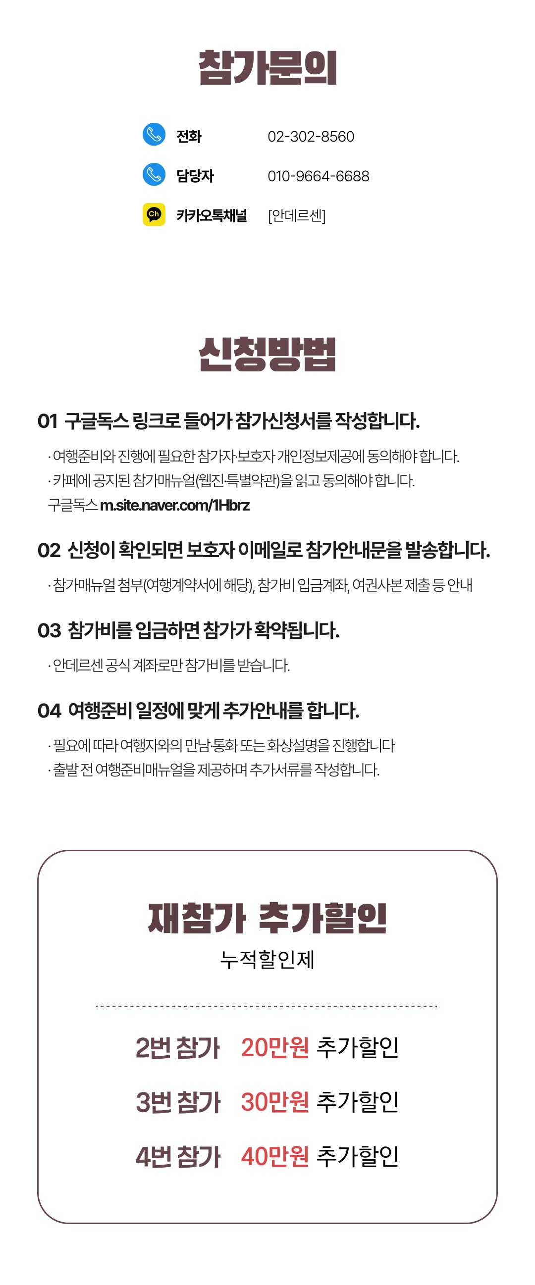 상세한 여행준비를 위해 구글 참가신청서를 작성해주셔야 합니다. 구글독스 참가신청서를 작성하지 않으면 정상적으로 예약이 접수되지 않습니다. 클릭하면 바로 구글 참가신청서로 연결됩니다.
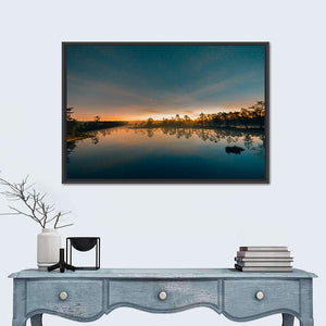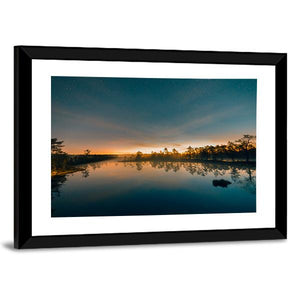 This canvas shows a quiet swamp lake with trees and stars reflected in the water, rendered in blues, teal and warm orange against black for a calm night scene. The rule-of-thirds composition gives a balanced, serene feel that fits modern home décor, especially living rooms and bedrooms with nature-inspired accents.
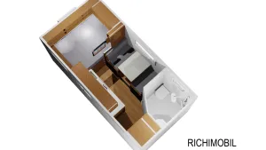 Die Heizung mit integrierten Boiler würde ich dann in die Sitzbank gleich bei der Dusche machen.
──────
◆ **ACTIVITY**
Set down the line containing "This canvas shows" and every line after it up to the end of the material, exactly as written, but not the pictures.

◆ **TASK RESULT**
 This canvas shows a quiet swamp lake with trees and stars reflected in the water, rendered in blues, teal and warm orange against black for a calm night scene. The rule-of-thirds composition gives a balanced, serene feel that fits modern home décor, especially living rooms and bedrooms with nature-inspired accents.
 Die Heizung mit integrierten Boiler würde ich dann in die Sitzbank gleich bei der Dusche machen.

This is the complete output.